Batmayan Gün romanı okuyucu, adeta sihirli cümleleri arasında kendisini kaybediyor veya bir ulu kişiyi gözlerinin önünde canlandırıyor. İşte size o sihirli cümlelerden; "Maamafih anadan doğma bir körün on beş yirmi sene sonra birdenbire gözlerinin açıldığı da vâkidir. Şu halde, tamâmen kabiliyetsiz zannedilen bir kimsede de birdenbire hakîkate karşı istîdat uyanabilir."(4) derken öğretmenlik yaşantımda şahit olduğum bazı olayların film şeridi gibi gözlerimin önünden geçmesine vesile olurken, "tefekkür aşksız olmaz; aşkı olanda hakîkatten uzak kalamaz. İnsan aşkla öyle bir hâle gelir ki, çok defa kendi söyler, kendinden kendi öğrenir."(5 ) Ya şu cümle; "Hakîkatin yüzünü perdeleyen örtüyü kaldırmak, onu görmek için ancak ve ancak aşk lazım. Halbuki bir zümre vardır ki, bu kâr için kendilerine zorluk ve mücâhede yüklerler. Bir zümre vardır ki, ilim ve akılla onu bulmak ister. Hakîkat aşksız bulunmaz, bulumadıça da hilkatın manasına varılmaz."(6 )

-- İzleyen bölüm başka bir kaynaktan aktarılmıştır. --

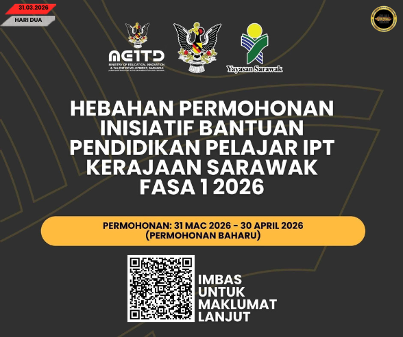 KUCHING, 31 Mac — Perintah Sarawak nengah Yayasan Sarawak muka peminta Inisiatif Bantu Pelajar Palan Pelajar Tinggi (IPT) Renggat 1 taun 2026 ngagai nembiak ke patut berengkah sehari tu.
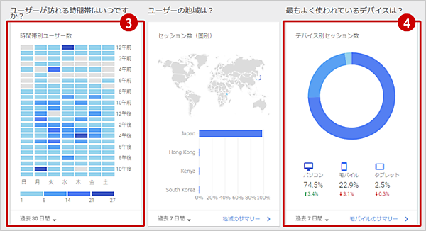 ホームページの訪問者数や直帰率、セッション時間などが表示されています。詳しくは、「ユーザー画面の見方を覚えよう※「はじめてWEB」は

Romandaki şu cümlelerde zamanımızın şuursuz insanlarının davranışlarını yansıtmıyor mu?
"-Ben deli miyim ki ölmeden kendimi tozlu kağıtların içine gömeyim? Hayat beni çağırıyor; yaşamak istiyorum. Sen bu köhne düşüncelerinin içinde boğul kal! Aliye zaten doğduğu günden beri kimseye benzemeyen bir mahlûktur; hele İstanbul'a geleli bir hal oldu. Tam hayâtın bitmez tükenmez zevklerini sürecek bir çağda nedir bu hal? Anlamıyorum vesselâm."( 7) Tam da zamanımızın şuursuz insanlarının her zaman dudaklarından dökülen cümleler bunlar. Sanki tanıdığımız birisi tarafından söylenmiş gibi.
"Oku, oku... ama ziyan etme"(8 )cümlesi bize değişik duygularla sesleniyor.Büyükbabasının hatıra yazılarını okuyan birine söylense de okumanın önemini açıklanması bakımından önemli. Ayrıca okuyanın okuduğunu sadece hafızasına depolamayıp, güzellikleri etrafındakilerle paylaş, onlarında güzelliklerden haberdar olmasını sağla der gibi. "Oku,oku... ama ziyan etme" cümlesi okuduğunu, başkasının istifadesine sunmamakla okumak ziyan olur" diye düşünemez miyiz?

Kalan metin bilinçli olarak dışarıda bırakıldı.